The Talmud (Brachot 8a) relates that when they told Reb Yochanan that there were elderly people in Bavel, he was surprised, seeing as from the above posuk (verse) it is clear that longevity is restricted to "the land" which refers to Eretz Yisroel (the land of Israel), and not the Diaspora. But when they informed him that the elders of Bavel would arrive in shul (synagogue) early to daven (pray) each morning and stay there late into the evening, he understood that it was through their attachment to the shul that they merited old age.

The Kli Yakar points out that the question still remains. For when all's said and done, the Torah writes "on the land" etc., (referring to Eretz Yisroel) and the shuls of Bavel were not in Eretz Yisroel. And what is the significance of being in shul at early and late hours?

The Kli Yakar answers this question with a Talmud in Megilah (29a), which states that every shul is an integral part of Eretz Yisroel. The Talmud quotes Reb Eliezer, who says that the shuls in Bavel will one day be relocated to Eretz Yisroel. In that case, concludes the Kli Yakar, it is correct to refer to them as part of Eretz Yisroel, and a Jew who davens in shul is actually standing in the Holy Land. Those people who lived in the shul, so to speak, and who grow old, are people who are growing old in Eretz Yisroel.
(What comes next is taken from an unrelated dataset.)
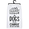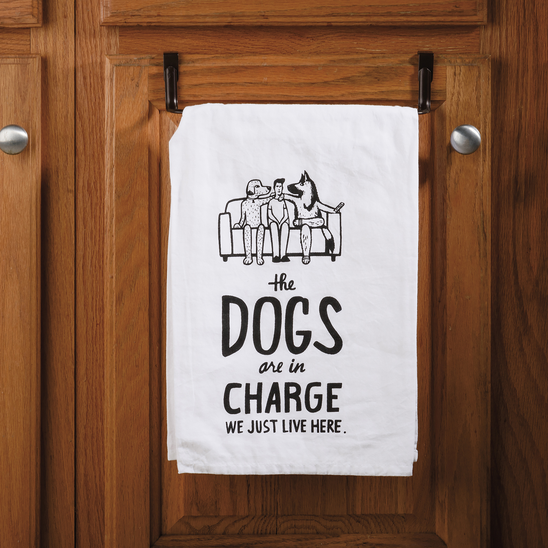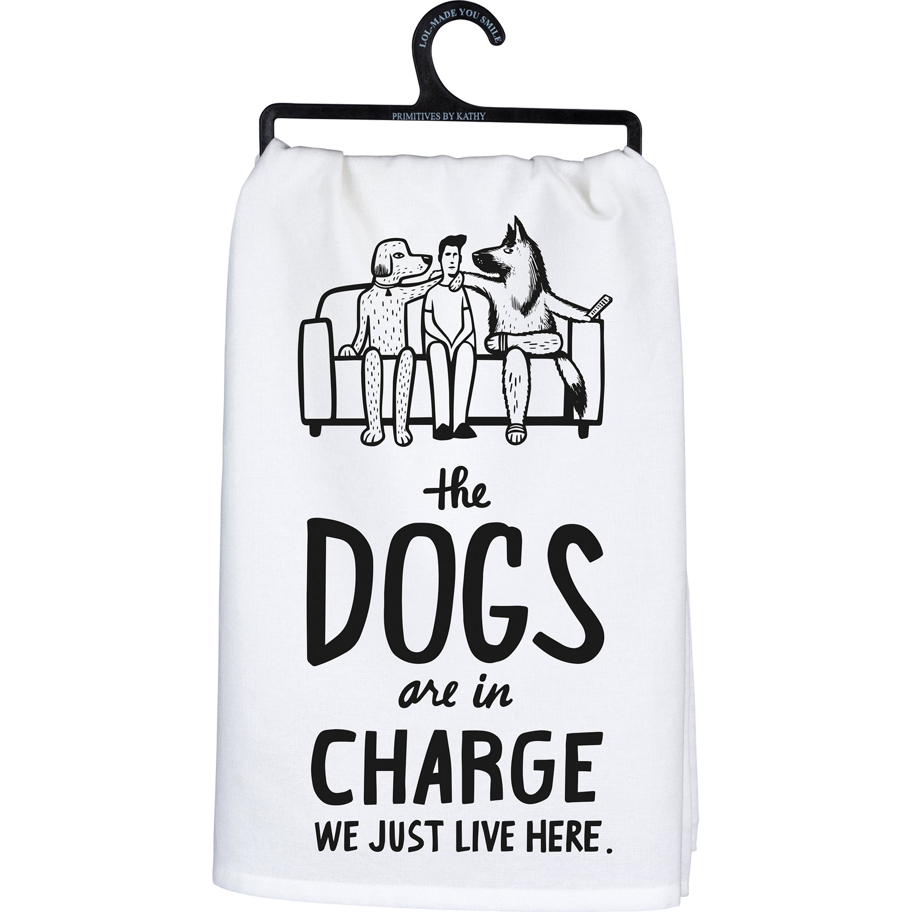 A black and white cotton kitchen towel featuring a "The Dogs Are In Charge We Just Live Here." sentiment with dog design. Machine-washable.

One of the miracles that will occur during the final redemption is that all shuls and batei midrash (houses of study) will be flown to Eretz Yisroel.

The Chofetz Chaim (Rabbi Yisroel Meir HaKohain Kagan of Radin; 1838-1933) took this literally, as recounted by a Jew who lived in a small town where the shul had no floor, just a wooden frame built directly on the ground. Distraught by this lack of respect, the Chofetz Chaim came to the town, gathered the people and gave the following drasha (speech).

"Chazal (our Sages) tell us that all the shuls of the Diaspora will be brought to Eretz Yisroel when Moshiach comes. What for? Do you think just the empty building will be taken? Of course not. All the people that daven in that shul will be assembled there, and the building with all its congregants will be lifted up and carried to Eretz Yisroel. But if there is no floor, the building will go, while its congregants will be left behind!"

Needless to say, the effect was electrifying, and the people fixed up the shul with lightning speed.

Thus, the Kli Yakar concludes, whoever rises early to go to shul and stays in shul late gives more honor to the house of Hashem. Therefore Hashem "prolongs his days ... on the land" because it is as if he spends the best part of his days in Eretz Yisroel.